I'm also thinking about using OPENXML and passing an XML string, but I can't find that function on Postgres. See this question.

I'd rather not parse the CSV file in the application code and call INSERT a thousand times. That could be a lot of unnecessary roundtrips. I know of the COPY function, but I have several CSV files of the same format that I don't want to collide.

I'm open to any suggestions or tips.

+1  A: 

It's possible as long as your CSV data have known format.

Let's assume they have 2 columns: "CatID" and "WhatEver".

Now you can create a pl/perlu function (or pl/pythonu, or with some luck even pl/pgsql, but it would be tricky):

create type parse_csv_srf as (catid int4, whatever text);
create function parse_csv(text) returns setof parse_csv_srf as $$
...
$$ language plperlu;

Body of the function is in Perl (or Python, or whatever) and does the parsing, plus returns (in case of Perl) reference to array of hashrefs, where each hash should have keys "catid" and "whatever" with some values.

Following example is just an example - writing csv parser with regexps is bad idea, and you should never do it, but I'm too lazy to provide actual working parser as part of example.
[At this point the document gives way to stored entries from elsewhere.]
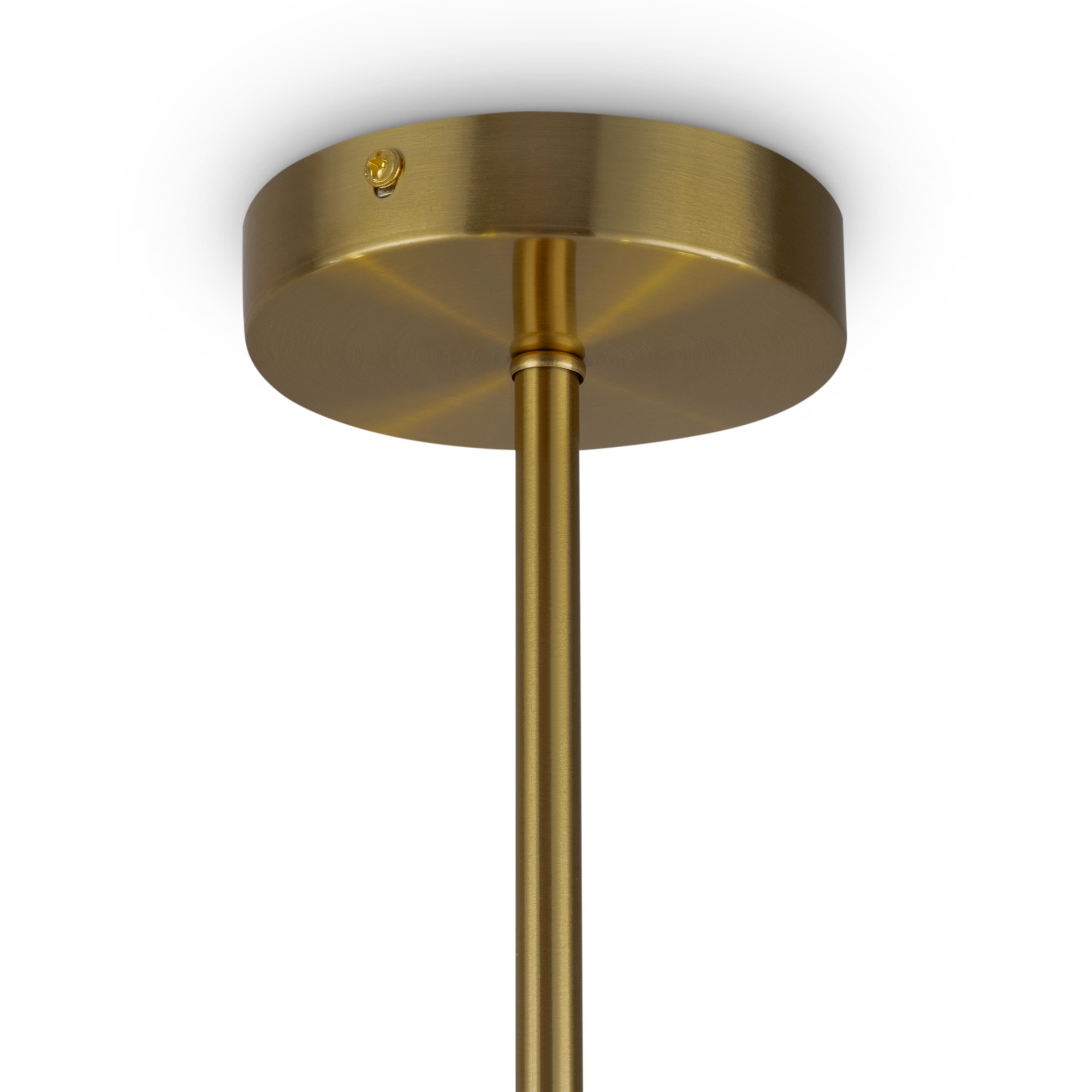 Металлическая арматура, цвет — латунь. Керамические декоративные элементы. Матовые белые абажуры. Силуэт светильника вытягивает интерьер. Источник света — лампа. Цоколь E14.
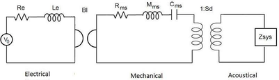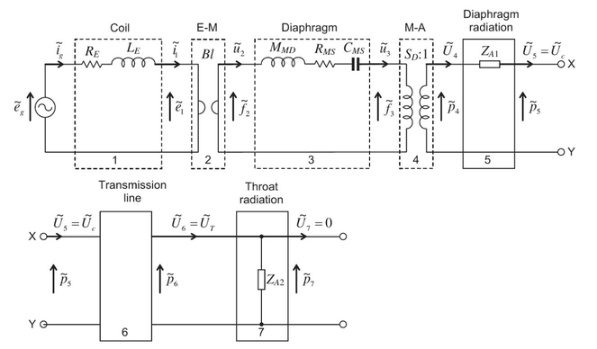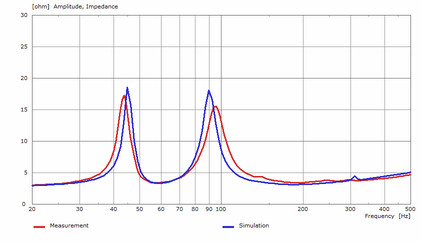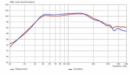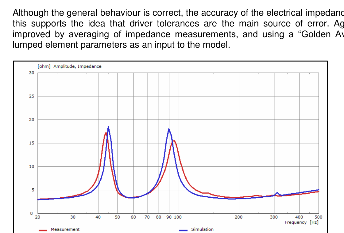 A A A Volume : 43 Part : 2 Proceedings of the Institute of Acoustics MULTIPHYSICS SIMULATION OF A LOW FREQUENCY HORN LOUDSPEAKER J Hipperson Funktion One Research Ltd. UK AJ Svobodnik Mvoid Group, Germany T Nizzoli Mvoid Group, Germany P Feurstein Mvoid Group, Germany 1 ABSTRACT This paper gives insight into advanced modelling procedures for horn loaded bass loudspeakers. It will be shown that this approach will correctly predict the performance of a non-trivial design, purely from the 3D geometry and lumped element transducer parameters, in the sense that it predicts both the resonant and horn loading effects of the design. A special focus will be on post-processing following the paradigm of virtual measurement, resulting in high resolution directivity patterns for further analysis in array modelling and room acoustics predictions. All results are compared to real measurements and evaluated in terms of accuracy. 2 BACKGROUND 2.1 MOTIVATION Modern sound reinforcement systems typically consist of two or more main loudspeaker arrays, augmented by a number of dedicated low frequency loudspeakers or subwoofers. The crossover point is typically in the range of 60-100Hz. Historically, all loudspeakers in a sound reinforcement system were horn loaded for maximum electroacoustic efficiency, including low frequency loudspeakers. This was due to the limitations of early power amplifiers, which could rarely deliver more than 100W into 8Ω. Modern developments in amplifier technology such as pulse width modulation (PWM), and improved materials and venting design in transducers has resulted in low frequency horn loudspeakers (or bass horns) largely being replaced by low sensitivity (95- 99dB/2.8V/1m) high power (>2000W) dual 18” bass reflex loudspeakers. However, some manufacturers and enthusiasts continue to develop and use bass horns for their high efficiency and subjective audio quality. It is not uncommon for bass horns to have up to 10dB higher sensitivity than bass reflex subwoofers, which can result in significantly reduced power consumption. Bass reflex loudspeakers are relatively well understood, with a large body of literature on modelling and design. However there is less literature on the theory and performance of bass horns, despite their invention some years prior. Consequently there are some myths surrounding their behaviour, particularly the idea that bass horns somehow project, or “throw” sound further than direct radiating loudspeakers. The goal of this work is to develop a highly accurate predictive model for the sound pressure level (SPL) distribution of large arrays of bass horns, incorporating any additional effects or behaviours unique to bass horns. Therefore, it is important to establish what these effects are, if they exist. Both measurement and modelling can be employed to investigate. Vol. 43. Pt. 2. 2021 Proceedings of the Institute of Acoustics 2.2 MODELLING OPTIONS – LUMPED ELEMENTS, TWO PORTS Bass reflex loudspeakers are typically modelled using an equivalent circuit lumped element model. This is a simple and computationally cheap approach, with good accuracy as all acoustic components are substantially smaller than the wavelengths of interest. Bass horns however, are typically larger, and the horn length is often in the range of a quarter wavelength of the lowest frequency it is designed to reproduce. This means that a lumped element model is no longer applicable, as wave behaviour must be considered. A possible solution to this is a hybrid lumped element – two port model, coupling a lumped element transducer model to cascaded two port conical horn sections to approximate the profile of the horn. From Mapes-Riordan (1993): Diaphragm Diaphragm radiation Rus Cust i, Z| 0-0, OTN] mS fr Transmission Throat line radiation 0-0. 0,=0, Xoo > To. fo. \Za2 ™ 6 7 oY The cascaded transmission matrices for each horn section are contained within the “black box” labelled 6 in the schematic below adapted from Beranek/Mellow (2012): Sealed Chamber Cascaded Two Port Matrices Horn Radiation Figure 2: Hybrid lumped element/two port model for a horn loudspeaker, adapted from Beranek/Mellow Vol. 43. Pt. 2. 2021 Proceedings of the Institute of Acoustics The advantage of the hybrid lumped element/two port method is that it is computationally very cheap, and very fast to run. The disadvantage is that it needs a lot of fine tuning and empirical testing to incorporate the numerous non-ideal behaviours of a real horn. Another disadvantage is the added complexity of coupling horn sections with both positive and negative expansion rates. Figure 3 shows an attempt at modelling a 21” driver bass horn. The general behaviour is more or less correct, but the overall accuracy to the real data is poor, particularly the 10dB peak at the upper end of the response. Furthermore, it is rarely trivial to work out exactly where the model is going wrong. Bass Horn Lumped Element/Two Port modelled response 120 115 110 Sensitivity (dB) 105 100 95 90 85 80 Frequency 20 200 2.3 FINITE ELEMENT METHOD Figure 3: Modelled response of dual 21” bass horn In 2021, computation is cheap, which opens the door to powerful, but computationally inefficient methods such as the Finite Element Method (FEM) and Boundary Element Method (BEM) for loudspeaker modelling. As a very simple overview, both approaches function by dividing a geometry into subdomains based on a “mesh”, then solving a particular partial differential equation for each subdomain in the mesh, and collecting the results for the complete geometry. In Acoustics, the equation describing the behaviour of sound waves is the Wave Equation. Although the wave equation is continuous and the mesh of subdomains is discrete, it is assumed that the solutions to the wave equation are well approximated by a finite sum of test functions. The FEM software attempts to minimise the error between the exact solutions and approximate solutions. The principle of t
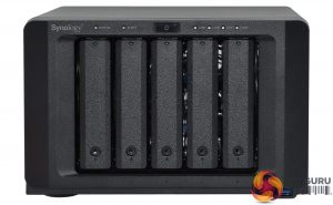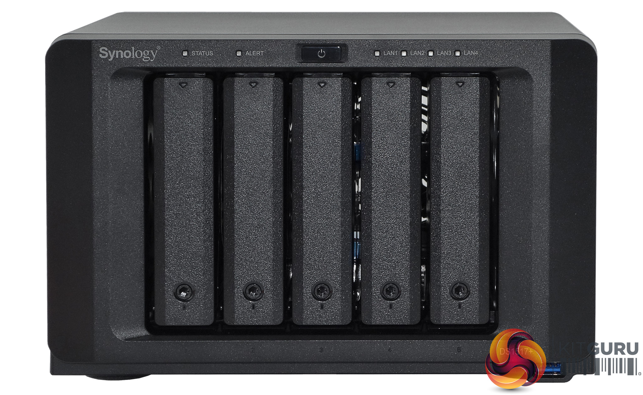 The Synology DiskStation DS1517+ is a compact designed 5-bay NAS measuring just 243 x 250 x 166 mm with an overall black finish, the cover is metal while a decent quality plastic is used for the front bezel.
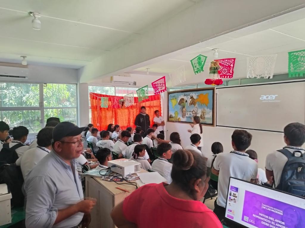 El Instituto Estatal de las Mujeres de Tabasco a través del Departamento de Capacitación de la Subdirección de Psicología y Salud Integral realizo la capacitación “Mitos del Amor Romántico”, la cual se llevó a cabo en el CECyTE Plantel 18 Ranchería La Encrucijada Tercera Sección Cárdenas, tuvo por objetivo deconstruir las ideas que social y culturalmente están establecidas alrededor del amor que han conducido a relaciones donde se naturaliza la violencia. Esta fue de gran aceptación y promovió la importancia de transformar estos imaginarios y crear relaciones más igualitarias, basadas en el respeto y reconocimiento de la otredad como eje fundamental para dar y expresar amor.
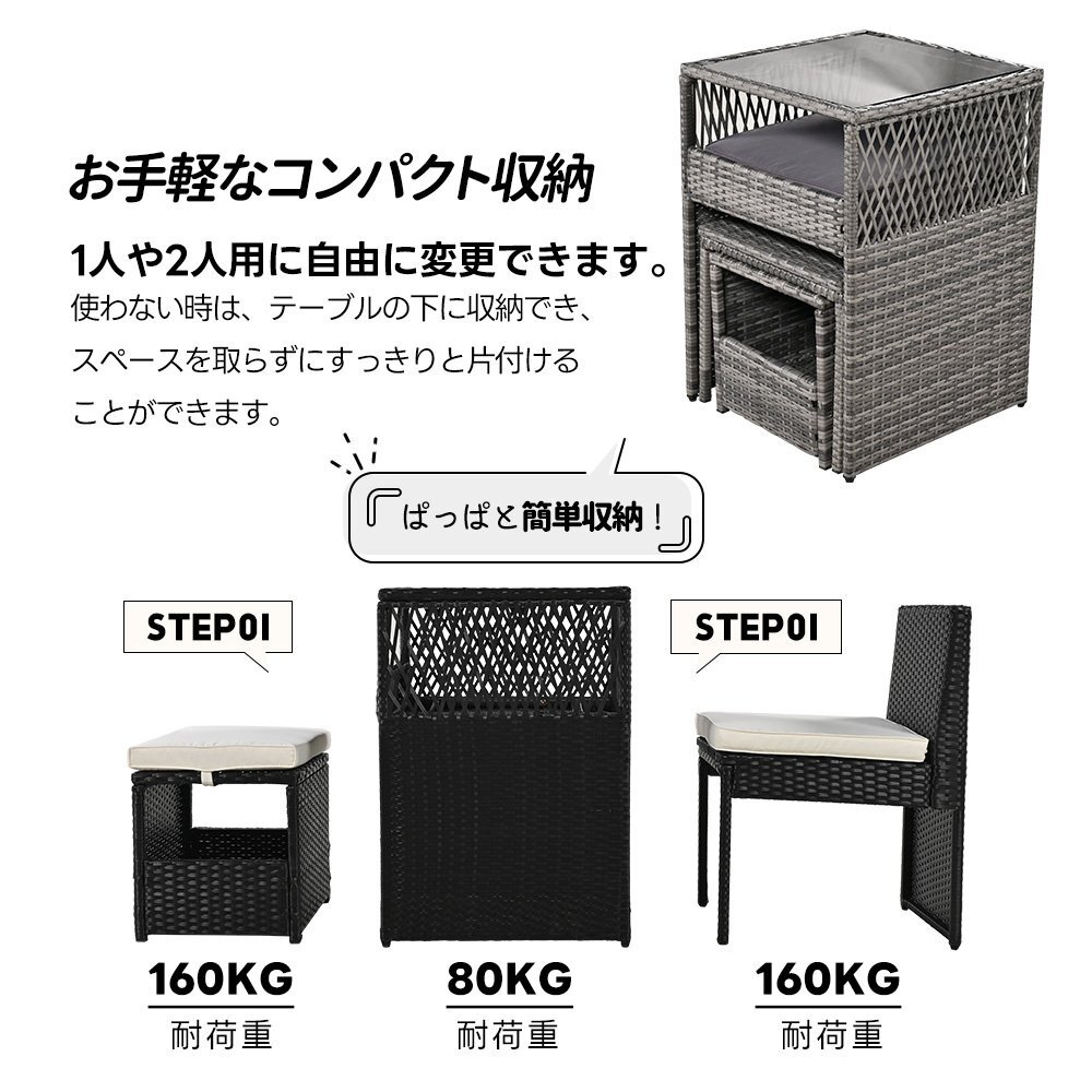 ガーデンファニチャー テーブルセット ガーデン テーブル ソファー チェアー ラタン調 組合せ自由 撥水加工 【ブラック+グレー】
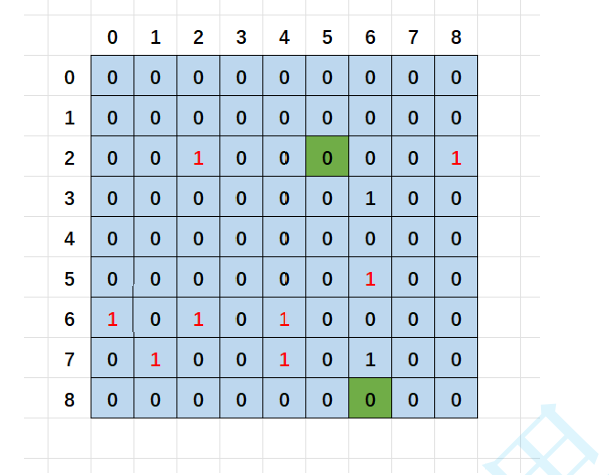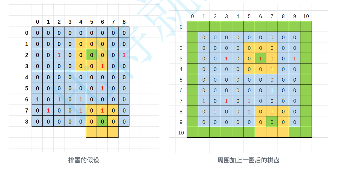 假设我们排查(2,5)这个坐标时,我们访问周围的⼀圈8个⻩⾊位置,统计周围雷的个数是1
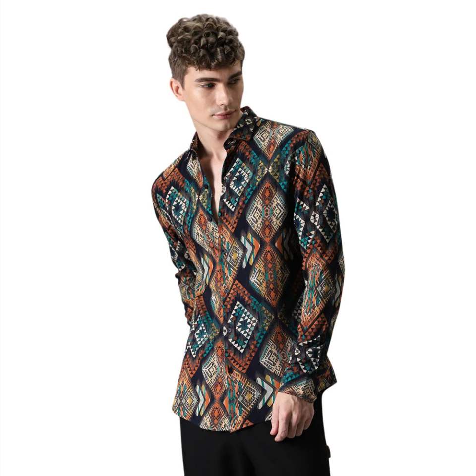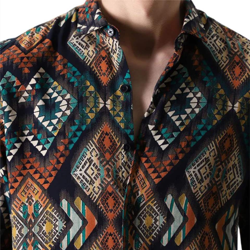 Elegante camisa de plumas marroquíes con estampados vibrantes Slim Fit cuello regular dobladillo curvo antiarrugas cómodo llamativo
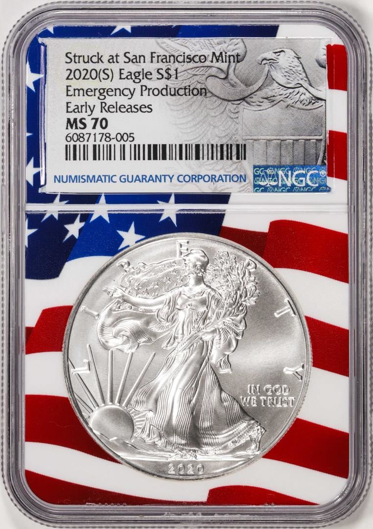 2020(S) $1 American Silver Eagle Coin NGC MS70 Early Releases Mint Flag Core
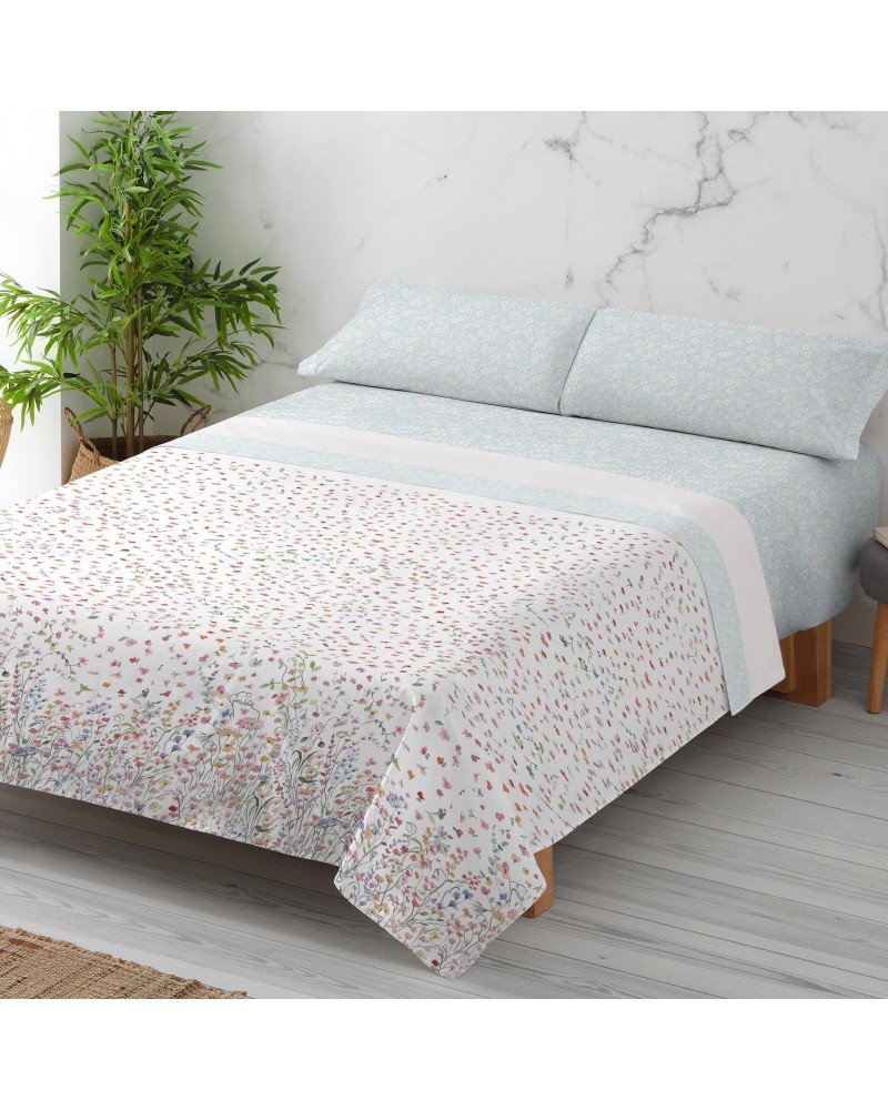 El juego de sábanas presenta un diseño floral de inspiración natural, con una composición ligera y delicada de pequeñas flores en tonos multicolor que aportan frescura y dinamismo al dormitorio.

CREATE type parse_csv_srf as (catid INT4, whatever TEXT);
CREATE OR REPLACE FUNCTION parse_csv( TEXT ) RETURNS setof parse_csv_srf as $$
my $source = shift;
my @rows = split /\r?\n/, $source;
my @reply = ();
for my $row (@rows) {
    my @values = ();
    while ( $row =~ s/("(?:[^"]|"")*"|[^",]*)(,|$)// ) {
        my $single_value = $1;
        $single_value =~ s/^"//;
        $single_value =~ s/"$//;
        $single_value =~ s/""/"/g;
        push @values, $single_value;
        last if '' eq $row;
    }
    push @reply, {
        "catid" => $values[0],
        "whatever" => $values[1],
    };
}
return \@reply;
$$ language plperl;

# select * from parse_csv(E'1,depesz\n2,"hubert lubaczewski"\n');
 catid |      whatever
-------+--------------------
     1 | depesz
     2 | hubert lubaczewski
(2 rows)

# select i.*, c.relpages
  from parse_csv(E'1,pg_database\n2,"pg_proc"\n') as i
       join pg_class c on i.whatever = c.relname;
 catid |  whatever   | relpages
-------+-------------+----------
     1 | pg_database |        1
     2 | pg_proc     |       53
(2 rows)
depesz